Help with connecting faces of wall

hey there,
can anyone help me with connecting my walls in my drawing?
i measure my walls with a leica 3d disto.
but sometimes i can’t measure the corner of the wall, so i measure 4points off the wall.
but how can i easy draw the corner of the 2 walls?
the problem is that most off the walle aren’t level. so it isn’t a flat wall.

i sent one example of 2 walls and the sealing.
so i need one vertical intersection (between the 2 walls) and 2 horizontal intersections (between wall and sealing)
can someone help me to do this easily?test_wall.skp (20.1 KB)

There are a couple of things going on here.

If you’re looking to also get SketchUp to draw in the ‘faces’ as it typically always does, then your going to need to ‘triangulate’ your walls. . . Which is to say it’s necessary to draw an additional line in between opposing corners… such that the line starts at top lefthand corner, and then ends at the lower right corner.

Once you do this SketchUp will be able to assign a surface to the triangular plane which you’ve made by drawing in the diagonal line. It’s really now two surfaces within SU, but if you hide the diagonal line you can fake the appearance of a single surface.

As far as finding where the intersections happen…

I’d go about this by making a copy of each wall, and placing each ‘wall copy’ into it’s own ‘group’. Then use the Move tool so that you can slide the copied walls along the plane/path of the original one.

Try the Scale Tool for extending the Wall Heights, so that they meet with the ceiling.

Finally run the ‘intersect faces’ command on the copied walls and that should get SU to draw in where the intersections happen.

At some point Pray to the Gods of Interpretation and Compromise for forgiveness, because you’ll never find a common meeting point for all the existing corners to extend to… Things will have to move, and that’s going stand in harsh opposition to your idealism and general perfectionism in taking field measurements with the Leica Disto.

As fate would have it, I own a Leica Disto too—not the newer D series, but their original A series. It cost me a ton of money… and I’ve since learned that I don’t let it boss me around when it comes to placing too much faith in it’s accuracy.

The Distance accuracy with the disto is surprisingly good… but it’s ability to measure angles via the tilt sensor don’t match the same high standard.


Some hopefully helpful Notes after my little Disto Rant…

For making copies of your walls. copy the entire existing group… and then use the ‘paste in place’ function. That will will set the copies back to the exact position they were made in.

The intersect Faces command is found on the ‘Right Click’ context menu.

If you paint the copied wall a unique color it’s a lot easier to not get confused between the original and the copies.


test_wall (alt JD).skp (265.0 KB)

thank you for you explanation.

i understand now what you mean.
but when i start to do this.
draw a line between the two corners he doens’t make 2 faces (normaly i think he must colorize the faces?
it stays different lines…

The diagonal line should work… I tried it to make sure that it would. I think that you must be trying to draw it now from outside the wall group.

Double click on the walls so that you can get into the ‘edit mode’ for that set of geometry.

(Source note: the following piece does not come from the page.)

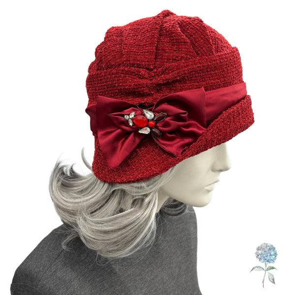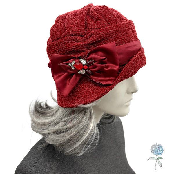 Red Bouclé Cloche Hat with Satin Lining | The Alice
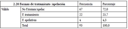Las formas de tratamiento también tienen una frecuencia importante, aparecen en casi todas las emisiones junto con otros procedimientos:

It’s essential that you do this from inside the wall groups edit mode. You need the line to interact with the other edges or SU won’t include it into the group you’ve already made.

Critiquing my comments above:

You don’t even need to create copies of the walls… it is possible to just move them independently… but to do that you have to be well versed with how SU tracks along off angles—angles which aren’t part of the primary X.Y.Z directions.

I figured that the copy was the safest way to go since you’d always have the original wall in place as a reference. no matter what happened with a move tool.


However, in terms of building up good model technique: the copy idea probably holds you back from learning more natural and advanced SU skill.

You could also, for example use the Axis tool… and reset the Axis to track the direction which you want the wall to slide on. Doing that once for each wall would also get you to the same place… with arguably a lot more elegance than all of the copy stuff I originally mentioned.

… and alternative to the Axis move tool,… there’s also the simple guideline which could be drawn in… and used as a reference aid.

The KEY to the success of any of this is to have each wall setup within its own group status… otherwise you’ll end up finding that they stick to each other (once they start to touch), and won’t, thereafter, move in an independent fashion.

Anyhow, I apologize if this just serves to cloud up the situation… I don’t mean to add in additional confusion here by intermixing techniques. Let this serve instead as a couple of alternative approaches.

In a serious sort of way… it’s well worth learning how to fix this type of problem with a wide variety of methods. Working with non-planar geometry is a bit tricky, but the solutions build up a good bag of SketchUp tricks for future reference.